Losses have increased as a result of significantly reduced revenues due to
inventory shortages. Inventory shortages were caused by working capital
constraints, primarily due to reductions in bank credit facilities during
fiscal 2000. During October 2000 the Company entered into a new senior
revolving credit agreement with an asset based lender.

During September 2000 the Company commenced a $3,750,000 private placement
common stock offering. As of December 30, 2000 the Company had received
proceeds of $3,332,470 and has elected to extend the offering until March
31, 2001.

In order to operate at a profit the Company will need to increase sales
revenues. The Company must raise additional funding to be used to increase
inventory and production levels to sustainable levels. The Company is
currently evaluating market conditions with respect to raising an additional
$2,500,000 in debt and/or equity financing. No such funding is committed at
this time, and there is no assurance that the Company will be able to obtain
additional financing on acceptable terms.

3. Inventory Components:

Inventories consisted of the following at:




                         December 30, 2000    September 30, 2000
                         -----------------    ------------------

                                            
      Finished Goods         $  926,550           $  963,784
      Work-In-Process           139,528              128,508
      Raw Material            2,661,808            2,465,118
                             -------------------------------
                             $3,727,886           $3,557,410
                             ===============================


4. Income Taxes:

Management has considered recent losses, the inability to predict with
certainty what land mobile sales will be in the post FCC auction period, and
uncertainties surrounding the Company's status as a going concern. Based on
the information available, management believes that a valuation allowance
equal to 100% of the deferred tax asset should continue to be established.
Until such time as future taxable income is more likely than not, the
Company will continue to reserve an appropriate portion of its deferred tax
asset.

5. Loss Per Share:

Basic net loss per common share is based on the weighted average number
of common shares outstanding during the year. For the quarter ended
December 30, 2000 basic and diluted loss per share was calculated on the
basis of 1,813,549 common shares outstanding and 3,424,408 common shares
subscribed. Diluted loss per share is based on the weighted average
number of common shares and common stock equivalents outstanding. Common
stock equivalents include shares which would be issued upon exercise of
stock options, warrants or conversion of debentures. Common stock
equivalents are excluded from the calculation when they are anti-dilutive.

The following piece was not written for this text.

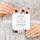 Este convite de casamento tradicional de primavera floral roxo e arrogante é perfeito para um casamento simples. O design pintado à mão apresenta folhas verdes, cor-de-rosa deslumbrante, pincelada, púrpura, vermelha, branca e lenhosa, pessoas bem organizadas em pequenos buquês fofos.
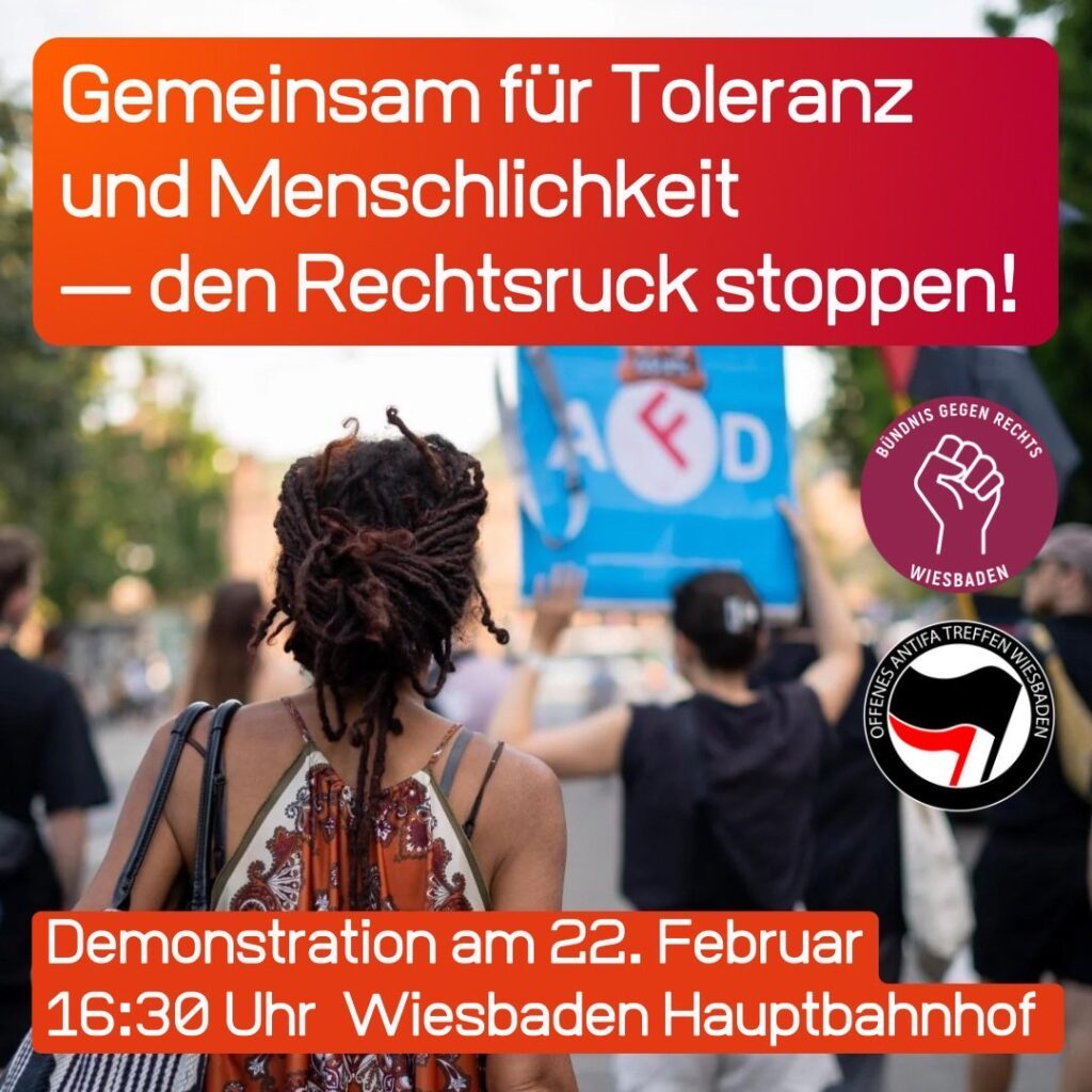 Das Wiesbadener Bündnis für Demokratie ruft am 19. Februar zu einer Mahnwache auf. Kommt ALLE!

Stock options for 260,136 shares, subordinated notes convertible into
164,990 shares and warrants for 134,378 common shares were not included in
the loss per share calculation for the quarter ended December 31, 2000
because they would be anti-dilutive.

6. Operating Segment Information:

The Company is organized into three primary operating segments according to
its primary product categories: "Land Mobile Communications", "Marine
Communications" and "Marine Instrumentation", and a less significant but
separately identifiable segment referred to as "Narrowband Operations." The
Company's reportable segments have been determined based on the nature of
its operations and products offered to customers.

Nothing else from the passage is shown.